9:15am – Time for my first class. History and geography with the 2nd level bilingual students. When I walk into class, several students greet me with a very rehearsed, ‘Hello, Kisha. How are you?” The rest of them are chatting loudly, running around the classroom, or horseplaying with their friends. I have to shout ‘Ready?’ at least 2 or 3 times to get them to settle down. Before getting into today’s lesson, I start off by asking if anybody did anything fun or interesting over the weekend. Many of the students are as eager to share as I am to listen, plus it gives them a chance to practice speaking English in an unstructured way. After everyone has shared, we move on to the lesson. Today, we are reading about daily life in the Middle Ages. I ask for volunteers to read the English handout the profe has selected. Each volunteer first reads a few sentences from the lesson in English, then translates the same into Spanish. We go over unfamiliar vocabulary words as a group, and I answer any questions they may have. The profe, Enrique (aka, Quique), helps out with any Spanish-English translations that I don’t know. Throughout the lesson, I have to stop several times to quiet the class back down or call out a student who is obviously not paying attention.By the end of class, Quique has worked up a sweat and the kids have worked my nerves.
|such adorable little scamps.|
10:15 – First class is over. I head back to the lounge to hang and prep for my next class, which isn’t until 11:35.
11:35 – My second history class. This time with the first-year students. They are quickly becoming my favorite group of the 3 that I work with. They aren’t as boisterous as the 2nd years, but they have way more energy and interest in learning than the 3rd years. However, their level of English is much lower, so it can be a challenge communicating or coming up with in-class activities that they will easily grasp. After the ‘how was your weekend’ chat, we delve into today’s lesson: the government of ancient Rome. Usually we read and translate, but today, I divide the class into several groups. Each must come up with a solution to a problem that the Roman citizenry is facing. They must decide which members of the government they need to work with, and propose their own solution to solve the problem. Not surprisingly, one student asks if they have to give their explanation in Spanish or English. I shake my head, smile, and say, “When I’m here. It’s always English. Vale?” Surprisingly, the students really take to the assignment and they come up with some creative, if not entirely practical solutions.It´s a rare moment of success. I relish in my unquestionable auxiliar awesomeness.
12:35pm – Technically, I’m done for the day. But I have an hour of ‘coordination’, which any of the teachers can use to chat with me about lessons for the coming week or any special projects or activities they want me to prepare for the class. It’s rare that anyone does, but I stick around anyway, just in case.

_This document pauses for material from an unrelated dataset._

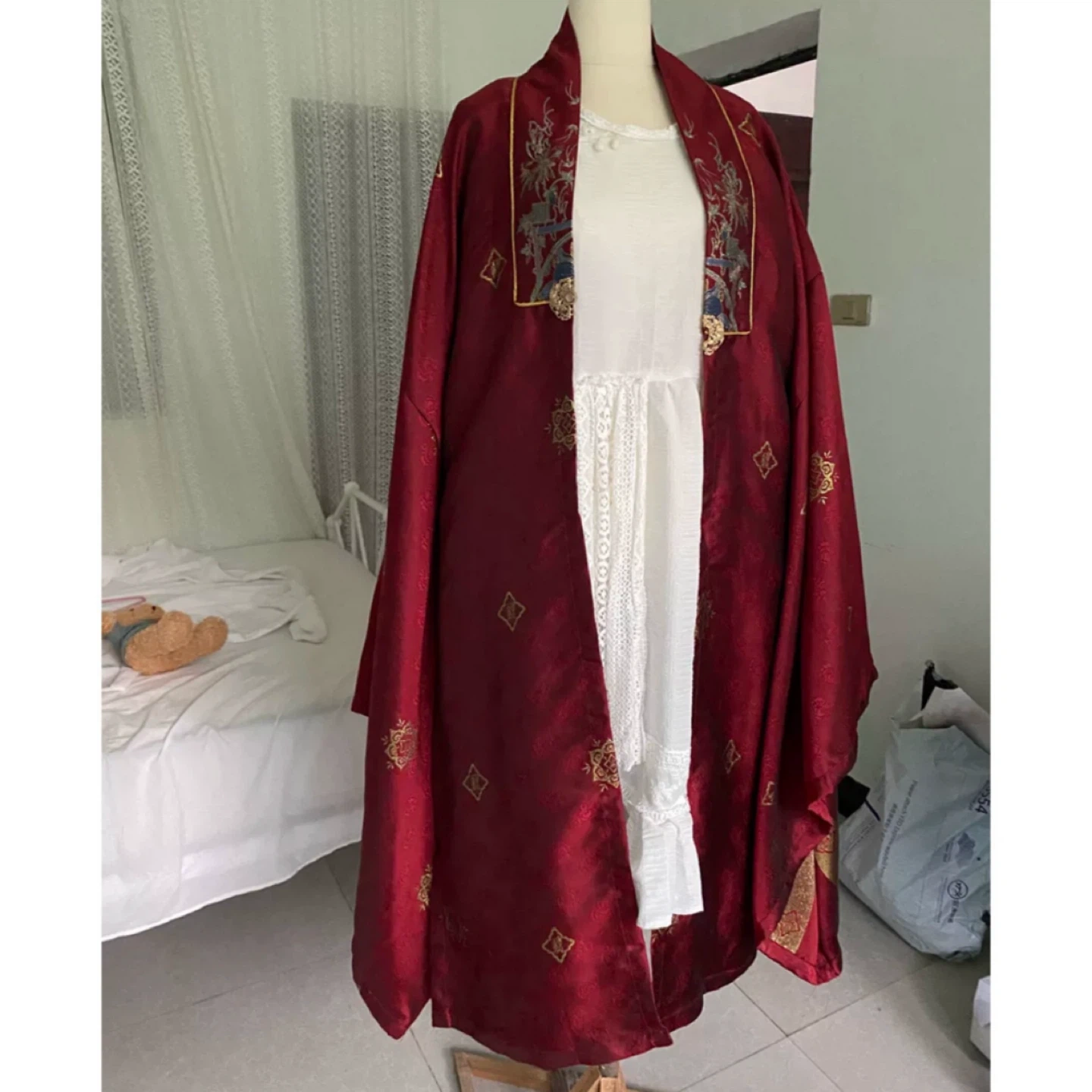 肩上雪 桜刺繍 长干寺 白黒色ロングコート 中国伝統衣装 宋制漢服着物 侘び寂び

1:45 – 4:00pm – Workday is officially over! Since it’s Monday, I’m headed to do some grocery shopping. I catch the #4 urbano (aka, local / intracity bus) which stops right outside of the school, to Puerto Banus. From there, I catch the #1 urbano to La Cañada, Marbella’s huge shopping mall. By now, I’m starving, so I stop at McDonald’s in the mall for an after-school snack of patatas deluxe and a beer. Total cost: 2.35€. Inside the mall there is also Alcampo, where I prefer to do my shopping. It’s equivalent to a Super Wal-Mart, so I can get groceries and personal / household items all in one stop. I’ve finally gotten into the habit of bringing along my backpack and a large, reusable shopping tote. Plastic shopping bags are usually not free in any store in Spain – checkout clerks almost always ask: “Bolsa quiere?” (“Want a bag?”) instead of just giving you one – so it literally pays to have your own. Also, the backpack helps me transport heavier items on the bus ride and walk home. I try to stick to my 20-25€ weekly grocery budget, but sometimes I go a bit over if I have to buy things like deodorant or lotion.
|la canada – where i do most of my grocery shopping|
4:00pm – I catch the bus from La Canada back to the main bus station in Marbella, a 7-10 minute walk from my house.
4:30 – Home! Time to put up the groceries and rest a bit before making dinner.
7:30 – Time to unwind for the evening. Maybe I’ll stream a movie online, straighten up my room a bit, hang out in front of the TV with my roommates, or just surf the Internet for a few hours before going to bed. Most likely, I’m still recovering from a long, eventful weekend and I could use the rest.
|relaxing after school with purp, the house kitty.|
8:00am – The sunlight streaming in my window wakes me up. It’s my late day, and I don’t have class until 12:45. I pull the covers over my head and half-sleep for an hour or so more.
10:00 – 11:30am – Even though I tell myself I’m going to accomplish a ton of stuff before heading to school, I manage to fritter away time until it’s almost time to catch the noon bus that will just barely get me to school in time for my 12:45 class.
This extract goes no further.